For comparison, Olympic gold medalists Mikaela Shiffrin and Lindsey Vonn scored their first points in their fourth and 12th starts, respectively.
“It was just a magical night,” Lapanja said. “It was such a cool feeling to come down to the World Cup and really feel like I belonged there. This is what I love to do; I love the atmosphere, I love the energy, I love being on that international stage and performing.
“I wasn’t worried about having a mistaken-ridden run; all I wanted to do was go for it. I was a child in Aspen. In Flachau, I had grown up.”
THE NEXT STEP
Riding the momentum of last season’s leap, Lapanja, continually seeking the next obstacle, has her sights set on raising the bar once again this 2016-17 season and beyond.
“My biggest goals are to be competitive on the World Cup circuit,” she said. “Start to really rank myself in the top 15, top 10, top 5 and eventually top 3 and start getting World Cup podiums and winning World Cup races.”
One of her coaches, Karin Harjo, a World Cup women’s tech assistant coach, feels Lapanja has what it takes to work her way up the ranks season after season.

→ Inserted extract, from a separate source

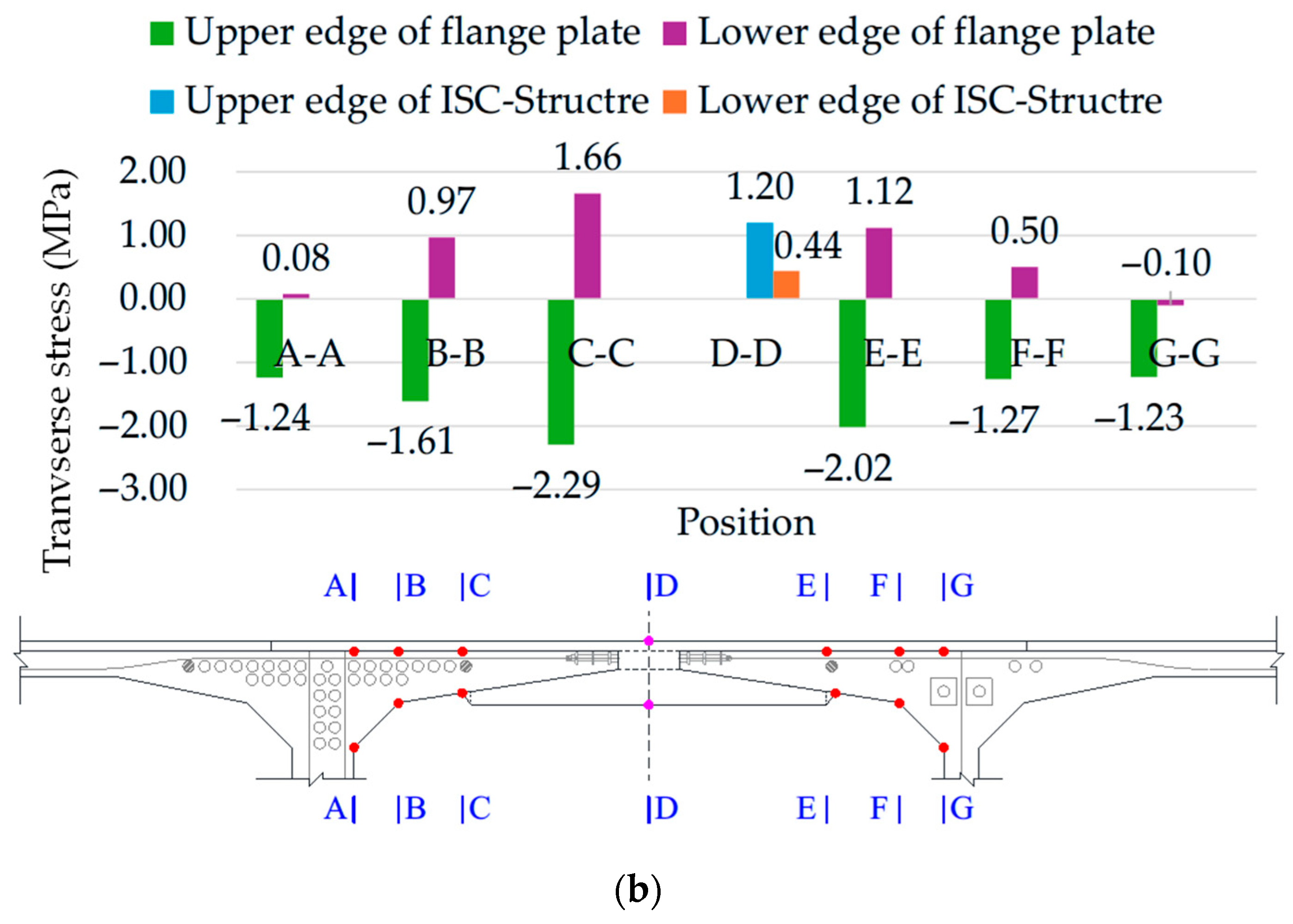 Taking the mid-span section with unfavorable stress as an example, the transverse stress distribution is presented in

“She’s definitely extremely competitive, which you need to be,” Harjo said. “She just has the will to never give up and always pursue the best. She’s got the speed, she’s got the strength. Now, having a full summer of prep, not only in the gym but also on the snow, I just see her getting better and faster. I’m really excited for her to turn some heads this season.”
Lapanja is especially eager to do that at a certain location this season, a place that hasn’t hosted World Cup skiing since 1969, her own backyard: Squaw Valley.
The Audi FIS World Cup races at Squaw Valley will consist of a women’s giant slalom on Friday, March 10, 2017 and a women’s slalom on Saturday, March 11, 2017.
“I’m super excited for it, I can’t wait for Squaw,” said Lapanja, who’s no stranger to making the podium at Squaw Valley. In 2014, at the U.S. Alpine Championships, she claimed the junior slalom title and took third overall. “I’m going to come to Squaw and, I don’t know what’s going to happen, but I have big goals and I want people in this region to come support me and our other American athletes and just see how cool World Cup racing can be.”
Moreover, Lapanja is hoping the World Cup races at Squaw Valley bring out a lot of young wide-eyed skiers who have dreams, just as she did once upon a time, of racing for the U.S. Ski Team.
“I think it’s about time this region gets an event like this,” Lapanja said. “It’s time to inspire the next generation that’s 5-10 years below me right now. To be able to be that close to the best in the world in our sport is so cool and something I never got to experience at that age. To be able to give that to them, the aspiring little skiers, and the people who’ve grown up with skiing, I think is going to be one of the biggest accomplishments.”